In Q3, the pound faces additional fundamental challenges. Firstly, the Brexit trade deal grace periods are due to roll off, meaning more stringent border checks. Could that undermine trade in both directions as it becomes more cumbersome? Of potentially even greater impact is the increase in the volume regarding a possible second Scottish Independence Referendum sometime in H2 2022. Although the polls currently suggest that Scotland would remain in the UK, the polls when the process kicked off in earnest last time (2014) were much more favourable towards the pro-union camp, and the UK was still in the European Union at that time.

So towards the end of Q3, we could see pressure on sterling build again, versus both the euro and US dollar. The risks around GBP will grow increasingly negative as we head towards year end, even as the economic news remains positive.

 

The EUR – Q2 finishes on the defensive; Q3 a bigger challenge

The Eurozone experienced both highs and lows during Q2. At the beginning of the quarter, the slow roll out of Covid-19 vaccinations was a key theme, and seemed to be increasing the sense that recovery in the Eurozone could be delayed. Towards the end of April, the news changed and became much improved as the EU vaccine rollout gathered speed.

The survey and economic data news also improved. Even though a number of European countries had to re-impose severe restrictions and lockdowns over the course of late Q1 into Q2, by the middle of the quarter infection numbers were falling and survey numbers were rising.
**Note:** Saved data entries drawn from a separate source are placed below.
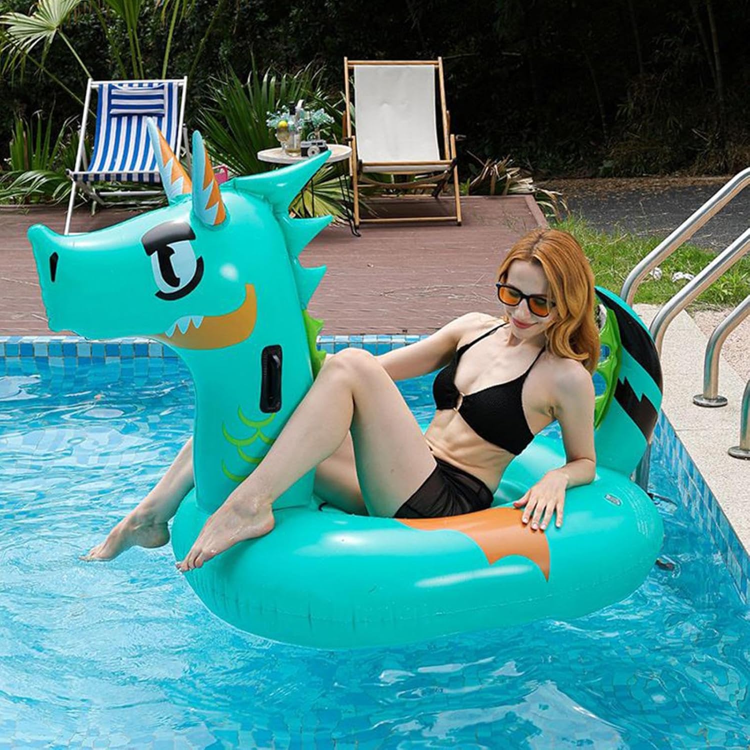 cGiant dragon inflatable pool float made from 0.4 mm thickened PVC material for durability and buoyancy: perfect for kids and adults enjoying pool time, lake days, or summer beach adventures Generous size at 68.9x43.31x35.43 inches comfortably supports lounging or play: features a fun dragon design that doubles as both a toy and a striking party decoration Easy to inflate and deflate for quick setup and storage: ideal for outdoor use in rivers, pools, or beaches and convenient to pack for vacations, summer outings, or backyard celebrations Stable and ergonomic shape functions as a lounge chair or floaty seat: supports relaxing sunbathing, light paddling, or poolside chilling while adding a playful element to water fun Great for themed pool parties, birthday events, or family gatherings: adds excitement to summer games and makes a perfect gift for kids, teens, or anyone who loves unique inflatables
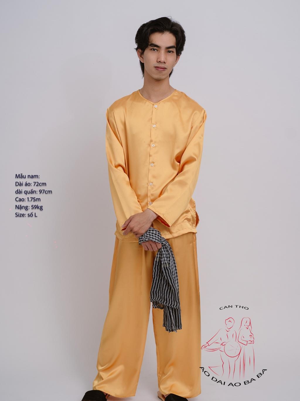 Bộ Bà Ba Nam Áo Vàng và Quần Nâu Vải Kate Mô tả chi tiết: • Chất liệu: Vải kate, thoáng mát, mềm mại và bền đẹp. • Màu sắc: Áo vàng- quần nâu đất
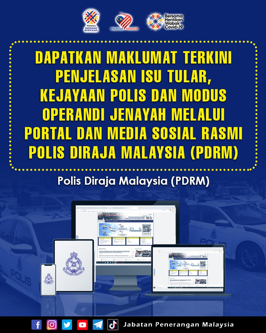 DAPATKAN MAKLUMAT TERKINI PENJELASAN ISU TULAR KEJAYAAN POLIS DAN MODUS OPERANDI JENAYAH MELALUI PORTAL DAN MEDIA SOSIAL RASMI POLIS DIRAJA MALAYSIA (PDRM)
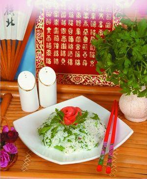 Стручковая фасоль с кунжутом ![]() 73 ккал, 20 мин, 4 порции. Продукты: 500 г стручковой фасоли 4 столовые ложки семян кунжута 3 столовые ложки сахара 2 столовые ложки соевого соуса соль Фасоль вымыть, нарезать кусочками длиной 4–5 см, отварить в подсоленной воде, выложить в дуршлаг и обдать холодной водой. Семена кунжута обжарить на сковороде без добавления масла, охладить, слегка потолочь в ступке и смешать с сахаром и соевым соусом. Фасоль разложить по тарелкам, полить приготовленной заправкой. Рис с красной фасолью 378 ккал, 45 мин, 4 порции. Продукты: 300 г риса 70 г мелкой красной фасоли 1 столовая ложка семян кунжута 1 чайная ложка соли 2–3 веточки петрушки Фасоль промыть, замочить на 2 ч в холодной воде, отварить и откинуть на сито. Рис промыть, залить водой так, чтобы она слегка покрывала его, и варить на маленьком огне под крышкой до готовности (по мере необходимости можно подливать горячую воду). Зелень петрушки вымыть. Семена кунжута обжарить на сковороде без добавления масла, потолочь в ступке с солью. В рис добавить фасоль, перемешать, разложить по тарелкам. Посыпать кунжутом с солью, украсить листиками петрушки. Рис с зеленым горошком 329 ккал, 45 мин, 2 порции. Продукты: 200 г риса 150 г свежего или замороженного зеленого горошка по 0,5 пучка зелени укропа и петрушки 1 помидор 1,5 столовой ложки мирин 1 столовая ложка семян кунжута 0,25 чайной ложки морской соли Горошек вымыть, бланшировать в кипящей воде в течение 1 мин, выложить в дуршлаг, обдать холодной водой. Рис промыть, залить 250 мл горячей воды, оставить на 15 мин, для набухания. Затем добавить мирин и варить на маленьком огне под крышкой 10 мин. Добавить горошек, аккуратно перемешать и варить еще 5–10 мин. Накрыть кастрюлю крышкой, оставить на 20 мин. Зелень укропа и петрушки вымыть. Семена кунжута обжарить на сковороде без добавления масла, смешать с морской солью, слегка потолочь в ступке. Помидор вымыть, нарезать кружочками. Рис разложить по тарелкам, посыпать смесью семян кунжута и соли, украсить кружочками помидора и веточками зелени. Рис с зеленым чаем и водорослями 389 ккал, 20 мин, 4 порции. Продукты: 500 г отварного риса 400 мл горячего зеленого чая 300 г жареного мяса курицы 1 пластина нори 1 столовая ложка семян кунжута 0,25 чайной ложки васаби Жареную курицу нарезать небольшими кусочками. Семена кунжута обжарить на сковороде без добавления масла, потолочь в ступе. Пластину нори разломить на несколько кусочков. Рис разложить по тарелкам, сверху положить кусочки мяса и водоросли. Посыпать семенами кунжута, добавить васаби, залить зеленым чаем и подать к столу.
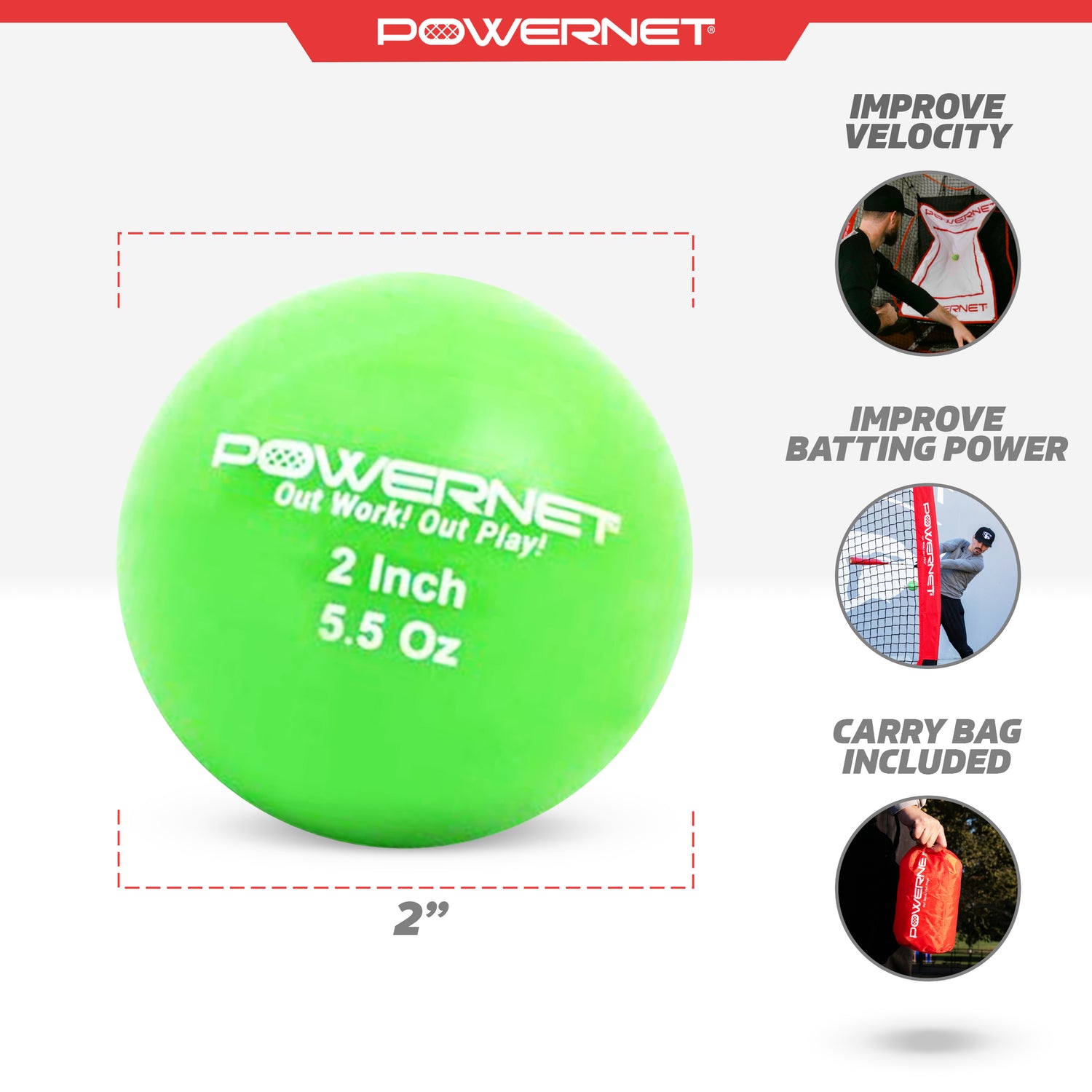 - 3.5 OZ | 5.5 OZ WEIGHTED BALLS: PowerNet's 2-inch micro weighted training balls help refine batting and throwing techniques. Choose the desired weight for targeted and customized training (3.5 oz or 5.5 oz). Includes 6 balls and a carry bag

In particular, the manufacturing PMI survey continued its march higher and the services PMI quickly broke above 50, ending the quarter at 58.0, indicating a rapid expansion.

However, despite the rise in activity surveys and an increase in inflation, the European Central Bank remained resolute that they wouldn’t slacken the pace of weekly asset purchases until after the summer. The euro rallied against the US dollar for most of the second quarter, but fell towards the end of the quarter, prompted by changes to the outlook for US interest rates that weren’t matched in the Eurozone.
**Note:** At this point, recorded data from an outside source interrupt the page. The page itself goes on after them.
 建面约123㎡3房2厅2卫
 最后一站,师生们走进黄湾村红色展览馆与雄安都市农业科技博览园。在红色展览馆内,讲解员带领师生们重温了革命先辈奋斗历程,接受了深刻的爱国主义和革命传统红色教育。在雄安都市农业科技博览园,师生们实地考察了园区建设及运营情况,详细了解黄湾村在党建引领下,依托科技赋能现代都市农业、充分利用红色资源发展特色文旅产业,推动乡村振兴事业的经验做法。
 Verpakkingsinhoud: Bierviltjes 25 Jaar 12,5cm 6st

It is that which is likely to continue to limit the euro’s upside in Q3, as the prospect of a material widening in the relative interest gap, to the detriment of the euro, will be sufficient to put the currency under pressure in the latter stages of Q3 or into Q4. That said, prior to some slippage in the EUR, there is the prospect of revisiting Q2 highs, but I just don’t see the gains being sustained. The risks, similar to the UK, are that the good news is now priced in, and it will be any unexpected interruptions to the recovery that will surprise and dismay euro buyers.

The likely limits for FX movements over the course of Q3

EUR/USD The upside is likely to be capped before $1.23, whereas the downside is likely to be in the $1.17 region. That would be a repeat of what was seen in late Q1, which was followed by a sharp rally. This time around, though, a further repeated failure for EUR/USD to break decisively to new highs could prove to be a significant longer term setback.
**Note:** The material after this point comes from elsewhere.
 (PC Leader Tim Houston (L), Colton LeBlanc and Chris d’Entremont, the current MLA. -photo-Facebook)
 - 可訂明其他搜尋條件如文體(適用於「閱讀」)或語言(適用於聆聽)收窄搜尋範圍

GBP/USD - Having ranged between $1.3669-1.4248 in Q2, GBP/USD could be in a larger range for Q3. Regarding moves higher, these are likely to be capped around $1.44-1.45, whereas lower, the risks are for a test to $1.35. I favour a move towards $1.42-1.43 in the short term, but towards the end of Q3 I think the mid/low $1.30s will be back in focus.

GBP/EUR – GBP/EUR tested €1.18 in Q2, but showed no appetite to hold at that level. Q3 may well prove to be a similar disappoint to euro buyers, with the risks skewed towards a move back below €1.14. The pound will face greater fundamental challenges with ongoing issues around Brexit and maintenance of the United Kingdom offering potential threats.

I don’t buy into the predictions of the US dollar’s demise. Take a look at the USD index, it’s closer to its highs versus its lows over the past decade.

Equally, the pound has tried, and failed, too many times to make fresh highs to inspire me with any confidence. The story of the pound against the US dollar or euro is unlikely to have a happy ending, but I could be proved wrong.